-- Task to complete --
Without the pictures, repeat all of the data exactly as it appears below.

-- Provided data --
Segment Open
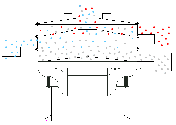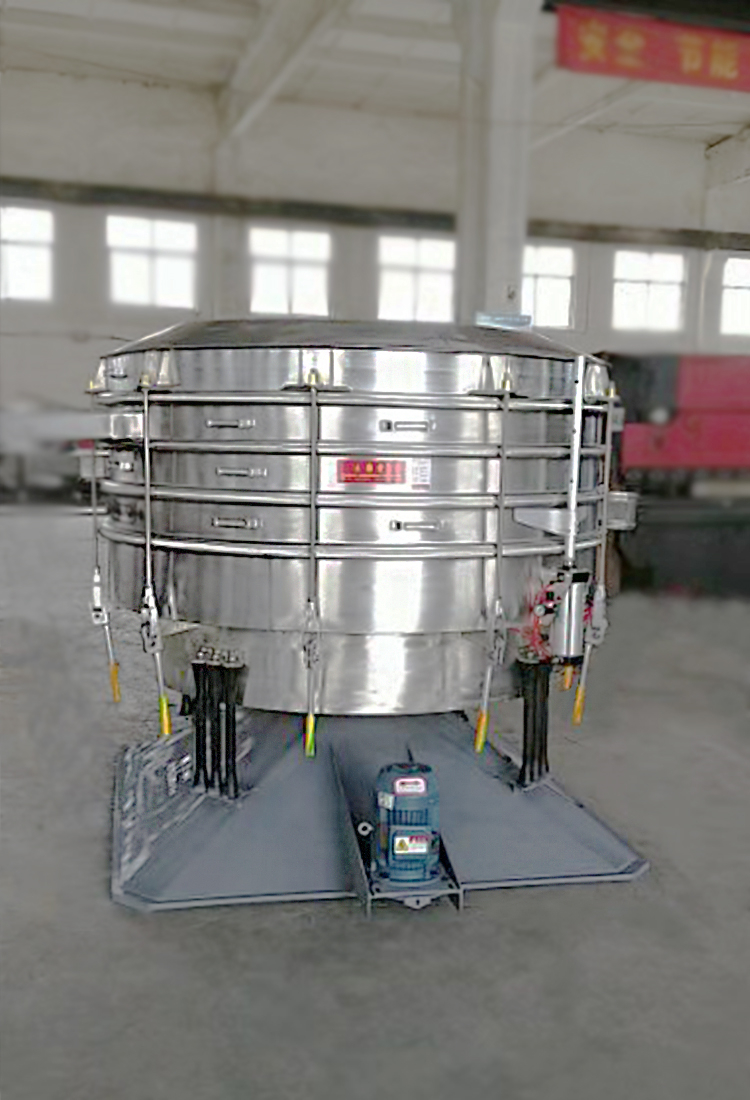 圓形搖擺篩是一款仿人工篩選的低頻旋振篩,其原理是:瞬時(shí)運(yùn)動(dòng)為沿徑向的位移和以此位移為軸的圓周運(yùn)動(dòng)的合成(螺旋運(yùn)動(dòng))。即可調(diào)節(jié)偏心距的激振器產(chǎn)生了非線性三維運(yùn)動(dòng),物料也產(chǎn)生同樣的近似手動(dòng)作業(yè)的運(yùn)動(dòng),從而達(dá)到篩分之目的,再配合篩分附件可得到更加理想的篩分效果;適合于圓球狀、圓柱狀、片狀、乃至不規(guī)則形狀易堵網(wǎng)且需要精密篩分的物料。
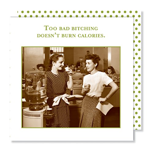 - Humorous pairing of retro photograph and quote or message on front, colorful polka dot pattern on back; great for a cocktail party, wine tasting, or girls' night
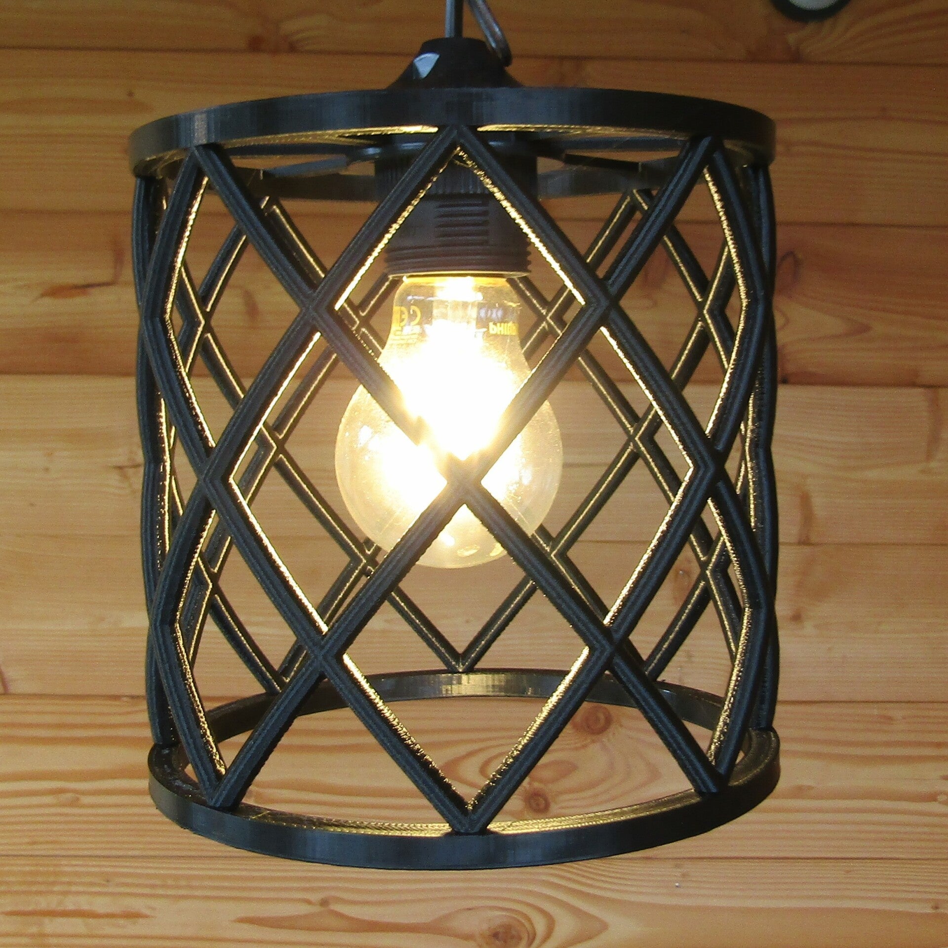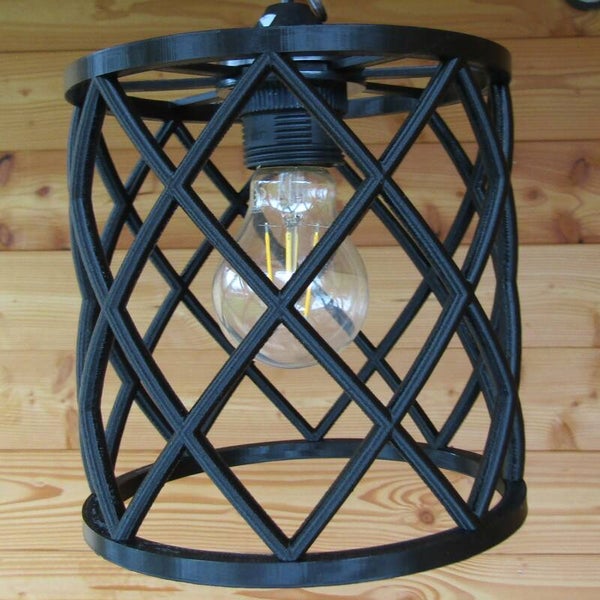 - Industriële stijl lampenkap bestaande cirkels en diagonale spijlen.
Segment Closed
-- Problem solution --
 圓形搖擺篩是一款仿人工篩選的低頻旋振篩,其原理是:瞬時(shí)運(yùn)動(dòng)為沿徑向的位移和以此位移為軸的圓周運(yùn)動(dòng)的合成(螺旋運(yùn)動(dòng))。即可調(diào)節(jié)偏心距的激振器產(chǎn)生了非線性三維運(yùn)動(dòng),物料也產(chǎn)生同樣的近似手動(dòng)作業(yè)的運(yùn)動(dòng),從而達(dá)到篩分之目的,再配合篩分附件可得到更加理想的篩分效果;適合于圓球狀、圓柱狀、片狀、乃至不規(guī)則形狀易堵網(wǎng)且需要精密篩分的物料。
 - Humorous pairing of retro photograph and quote or message on front, colorful polka dot pattern on back; great for a cocktail party, wine tasting, or girls' night
 - Industriële stijl lampenkap bestaande cirkels en diagonale spijlen.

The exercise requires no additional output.